The pilot of the small aircraft had become disoriented in the fog and ended up upside down.  Thinking he was right side up, he powered up, trying to gain altitude.  Instead, he powered right into the ground.  He, his wife of several decades, and his dog were all killed on impact.

This day, this event, this view, was not awesome.

The scene was atrocious.  Parts of the small plane were everywhere.  The engine had traveled the furthest distance out, and other parts of the plane were all over the hillside, including in the trees.  The damage the fuel had done to the ground and trees was evident as well, covering the grass and the oak trees with a light red hue. 

We surveyed the gruesome scene. None of us, all a part of a volunteer search and rescue team, had ever seen anything like this before.  I wasn’t sure what I expected, but what I saw, and, subsequently, what I experienced, deeply affected me.

I got Thumper and set him out to searching.  A large, jovial mixed breed dog, Thumper was unique on our team. His only search discipline was cadaver work.  I assumed he would be right at home in this environment and we’d make swift work of what was hastily turning into a very nasty job.   Normally a very enthusiastic searcher, his quick, happy movements changed rapidly.  Within a few short minutes, he gave me a tentative alert.  When I asked him to show me, to pinpoint the source, he just turned around, facing the scene and looked at it and then at me.  I got the message loud and clear.

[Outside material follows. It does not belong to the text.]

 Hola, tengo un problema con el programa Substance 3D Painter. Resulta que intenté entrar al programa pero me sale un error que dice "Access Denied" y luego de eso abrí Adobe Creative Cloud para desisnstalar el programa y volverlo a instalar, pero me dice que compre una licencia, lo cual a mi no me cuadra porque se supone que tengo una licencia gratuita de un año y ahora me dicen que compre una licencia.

The scent of death was everywhere.

This was going to take longer than I thought.

I had to work this scene unlike any other.  There was so much for him to find, all I could do was watch Thumper work and when he’d dip his head, turn and look at me, I’d check the spot he sniffed.  Sometimes, I could retrieve what he found, other times, another searcher had to because Thumper was moving too far away.

For a long while, there were no recognizable parts. Thumper’s head would dip, and I’d pick up a fragment of bone, or a piece of flesh, its origin unknowable to my eye.  There were pieces of flesh hanging from trees, as well as scattered all over the ground. We found definite skull fragments and surrounding brain matter.    Sometimes, I would intently stare at the slightly larger bone fragments, trying to see if I could decide what they were. 

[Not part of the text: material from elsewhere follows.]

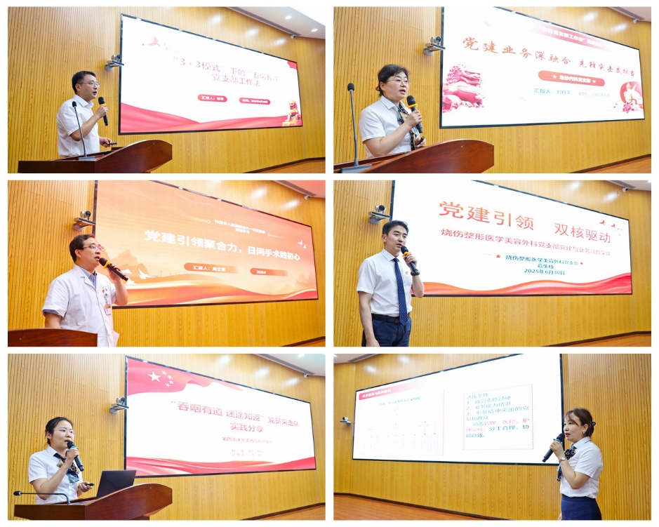 从党课中汲取奋进力量,于岗位上践行初心使命。在微党课环节,普外一科党支部党支部书记阎立昆展现了效率与仁心同频共振的手术管理新模式;烧伤医学整形美容外科党支部书记慕生枝讲述了先进榜样带领下重塑生命的使命担当。基层党支部是落实各级党委决策部署,践行服务群众初心使命的“最后一公里”。在优秀党支部工作法分享环节,神经内一科党支部书记胡军分享了“3+3模式”下的“五岗五融”工作法,以党建标准化建设推动学科攻坚;急诊内科党支部书记刘丹平以《党建业务深融合 先锋突击显担当》为题,诠释了急诊团队在急难险重任务中的速度与温度。
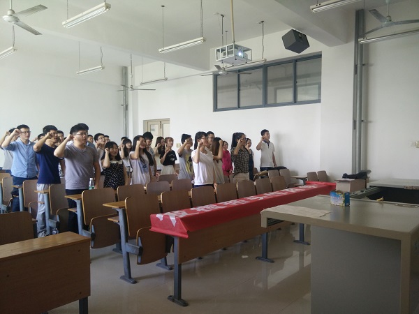 活动伊始,与会党员在写有“发挥党员带头作用,争做模范先锋”的大横幅上签名,学生党员依次排队,将自己的名字公正的写在横幅上。然后,预备党员叶念念同学带我们共同学习了党的理论知识,强调了学生党员应尽的义务,杜绝反党的言辞,恪守党的准则。活动最后,全体党员起立,右手握拳,宣读入党誓词,整个过程庄严肃穆,无一人苟笑,更无一人玩看手机,最后一句“永不叛党”深深的震撼着在场的每一人。

All the while, in the back of my mind, I knew I was picking up minuscule parts of two humans, but there was no human form so I could keep on going.

“Wow, I found a recipe book!  It has a woman’s name on it.  Her name is K---“

I am hearing this from behind me as I look at the latest thing my dog, along with a teammate's dog, has found.

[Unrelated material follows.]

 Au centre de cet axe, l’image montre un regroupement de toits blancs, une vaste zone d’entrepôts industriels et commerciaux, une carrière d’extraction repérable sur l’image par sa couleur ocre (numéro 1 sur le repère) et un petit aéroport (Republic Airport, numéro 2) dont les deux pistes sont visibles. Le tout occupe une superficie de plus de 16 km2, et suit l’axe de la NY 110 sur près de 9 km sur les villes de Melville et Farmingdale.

I am screaming NO! NO! NO! NO! because we are looking at the first piece of flesh that has form.  That is instantly recognizable.  That makes the dozens upon dozens of the little pieces I have been picking up into a human being.

It is an older woman’s hand, up to just beyond the wrist.  It is her left hand.  On her ring finger is a beautiful gold ring with a gorgeous ruby in it, surrounded by diamonds.  A wedding ring.

In the back of my mind, I have known, from the start of the day that we were there to recover as much of this man and woman in this plane crash.  I have known all along that this was a married couple.  I have known that this couple had a family and that this family is grieving and this family deserves answers and to have their loved ones back for proper burial.

In order for me to pick up this hand, the woman’s hand with a wedding ring on the ring finger, I cannot know her name.  I cannot have a human attached to this hand.

For if I know her name, as I pick up her hand and place in the bag I am carrying, the bag that I have been slowly filling with other parts that used to be she and her husband… that hand suddenly has a face.  That face becomes a person.  That person becomes someone’s now deceased family member.  And I am here seeing her in a way no one should ever have to see her.

I cannot know her name or I will not be able to complete my assignment.  The ear, the foot, the eye, will no longer be able to be discovered by me, or picked up by me.